Deploy Trino in Docker
I have a compose file called compose-trino.yaml
with the following contents:
services: trino: container_name: trino hostname: trino build: trino/. ports: - "8080:8080" environment: - _JAVA_OPTIONS=-Dfile.encoding=UTF-8 volumes: - ./trino/catalog:/etc/trino/catalog - ./trino/etc:/etc/trino
In the current directory, I have a folder called trino
. Within the folder, I have the following files:
FROM trinodb/trino:442
LABEL version="1.0"
LABEL description="trino container"
ENV REFRESHED_AT 2024_03_15
I also have two more folders called etc
and catalog
.
Within the catalog
directory, I've set up a snowflake.properties
file with the following contents:
connector.name=snowflake connection-url=jdbc:snowflake://<account>.snowflakecomputing.com connection-user=root connection-password=secret snowflake.account=account snowflake.database=database snowflake.role=role snowflake.warehouse=warehouse
If you encounter any hurdles along the way, don't hesitate to refer to the comprehensive Trino documentation available here. Let's dive in!

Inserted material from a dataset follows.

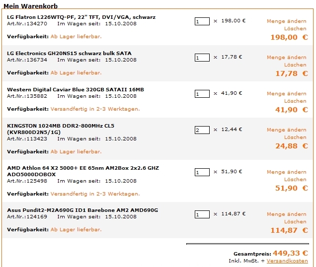 Welchen RAM und welche CPU könnt ihr für dieses Gehäuse empfehen? Ich häng mal meinen aktuellen Warenkorb bei hoh.de ran...
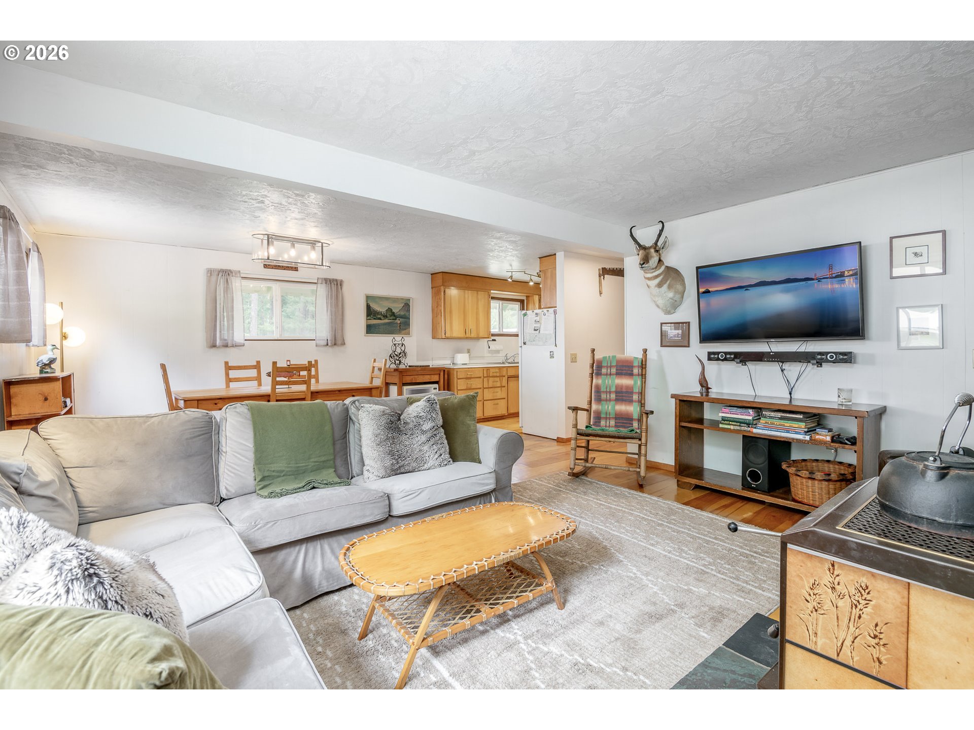 Your mountain basecamp awaits! This fully-furnished Packwood chaletsits on a large lot surrounded by national forest, alpine rivers, and some of the PNW's best outdoor recreation- White Pass Ski Area, Mt Rainier & The Goat Rocks Wilderness. Inside, the main level features an open living, dining & kitchen with wide plank hardwoods, a wood-burning stove crackling at the heart of it all, a ductless mini split & double-pane vinyl windows for year-round comfort. Primary bedroom, 3/4 bath w/ laundry & a mudroom/storage room are also on the main floor - perfect for kicking off ski boots & hunkering down. Upstairs, two large bedrooms with new carpet & an added half bath sleeps multiple guests in comfort. Outside: fresh paint & a metal roof built to last. An oversized 3-car garage/shop offers serious storage & workspace for vehicles, skis & gear. The attached rec room is a perfect apres-ski hangout space. Cornerlot with pull-through driveway accommodates RV's & large vehicles. STR friendly, with strong income potential- sleeps up to 8 people. High Valley HOA includes golf, pool, clubhouse & water. Nearby Packwood shops, breweries & dining. ~25 min to Mt. Rainier National Park, ~30 min to White Pass Ski Area, 2.5 hrs to Seattle or Portland. Fishing, hiking, skiing & mountain living — four seasons of adventure all out your front door!

Once you set up the Snowflake environment, you can adjust these properties with your values.
Within the etc
directory, I have a jvm.config
with the following contents:
--add-opens=java.base/java.nio=ALL-UNNAMED -Djdk.module.illegalAccess=permit
These particular JDK flags are Snowflake-specific.
I also have config.properties
with the following contents:
coordinator=true node-scheduler.include-coordinator=true http-server.http.port=8080 discovery.uri=http://example.net:8080
And finally, node.properties
with the following contents:
node.environment=production node.id=ffffffff-ffff-ffff-ffff-ffffffffffff node.data-dir=/tmp/trino/data
With everything in place, you're now ready to initiate the Compose environment. Execute the following command to start the environment: docker compose -f compose-trino.yaml up -d
.
Upon successful configuration, you should observe a running container named trino
. You can confirm this by executing the command: docker ps
.
f426506aa443 snowflake-docker-trino "/usr/lib/trino/bin/…" 53 minutes ago Up 47 minutes (healthy) 0.0.0.0:8080->8080/tcp trino
If you encounter any issues, you can further troubleshoot by examining the Trino logs using the following command: docker logs trino
.
You can access the Trino container with the following command:
docker exec -it trino trino
Once logged in, you can verify the correct configuration of the Snowflake catalog by executing the following command:
trino> show catalogs; Catalog ----------- snowflake system
For the next phase of this tutorial, kindly proceed to sign up for a Snowflake Trial Account. Opt for the standard edition since we won't be utilizing enterprise features. During the signup process, I selected the Azure eastus2 region for my Snowflake deployment.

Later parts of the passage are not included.